In Reversal, State Agency OKs Controversial Fence Between RDU and Umstead State Park

May 6, 2021

May 5—CARY — Raleigh-Durham International Airport has received a state environmental permit that it needs to build a security fence near William B. Umstead State Park, though it's not clear when construction might begin.

RDU says it needs the eight-foot chain-link fence topped with barbed wire to keep off-road cyclists and others from trespassing on its property off Old Reedy Creek Road. Airport officials say the trails, jumps and obstacles that cyclists have built through the woods pose a legal liability for the airport and have degraded streams on the property.

The six-mile fence is among several projects that RDU has put on hold after the COVID-19 pandemic decimated air travel and airport revenue. In late 2019, RDU officials estimated the fence would cost $2.4 million to build.

Staff at the Airport Authority will decide when to bring a proposed construction contract to RDU's governing board, said spokeswoman Stephanie Hawco.

"The perimeter fence is one of many important projects the Authority will prioritize as passenger traffic recovers," Hawco wrote in an email.

Opponents of the fence say it's unnecessary, because existing fences keep people away from runways and other parts of the airport, and that it will do more damage to the environment than it would prevent. The airport plans to cut and maintain a 10- to 30-foot cleared area along the fence that it can use for maintenance.

Jean Spooner, leader of the Umstead Coalition, the advocacy group for the park, calls the planned fence "an embarrassment and insult to our community" and the park. Spooner said the Airport Authority should find a solution the public supports.

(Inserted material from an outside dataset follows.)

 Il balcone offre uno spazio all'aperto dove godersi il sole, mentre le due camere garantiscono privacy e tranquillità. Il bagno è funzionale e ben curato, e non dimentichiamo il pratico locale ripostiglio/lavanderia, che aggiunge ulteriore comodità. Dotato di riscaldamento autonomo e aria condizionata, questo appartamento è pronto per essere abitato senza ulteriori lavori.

"This is sadly the opposite," Spooner wrote in an email Wednesday. "We request that the RDUAA Board put an end to this extreme blow to the airport's community relations."

Much of the fence will follow the western border of Umstead State Park. The state Division of Parks and Recreation has argued against the barrier, saying it would impede the movement of wildlife, help introduce invasive plant species and reduce water quality in streams in the park.

The fence will require Umstead to re-route a section of the decades-old Reedy Creek multi-use trail, where it makes a 45-degree turn near the airport. That turn is actually on airport property, and the fence would cross the trail there in two places.

John Fullwood, the former acting director of state parks, also argued that the miles of chain-link and barbed wire would do less tangible damage to Umstead.

"By creating a permanent eyesore along the park border and marring the look and 'feel' of the park, the proposed fence would greatly harm a fundamental purpose of the park, namely, to provide public access to a natural setting for people to enjoy nature and improve their physical and mental health," Fullwood wrote in a letter to the state Division of Water Resources in January.

RDU gets the permit it needs

Last summer, the Division of Water Resources denied RDU's request to build the fence, saying it violated rules meant to protect water quality in the Neuse River basin. But RDU tweaked its application and tried again.

On Tuesday, the agency issued a permit allowing RDU to build the fence through riparian buffer areas around streams and wetlands covered by the Neuse River rules. Once it is built, the permit allows only foot traffic along the fence and forbids RDU from using chemicals to control vegetation. Where the fence crosses streams, RDU will have to build gates that it can open every time a flooding rain is forecast, to prevent leaves and debris from getting trapped.

Hawco, the RDU spokeswoman, said the airport doesn't need any additional permits to begin construction.

Originally, RDU proposed building a section of the fence around 105 acres it has leased for a quarry on the east side of Old Reedy Creek Road. RDU dropped that fence from its second request.

In announcing approval of the permit, the state Department of Environmental Quality noted that the decision does not indicate whether it will allow Wake Stone Corp. to build the rock quarry. A different DEQ agency, the Division of Energy, Mineral and Land Resources, is still reviewing the company's application to create a 400-foot-deep open pit mine between Old Reedy Creek Road and its existing quarry off North Harrison Avenue.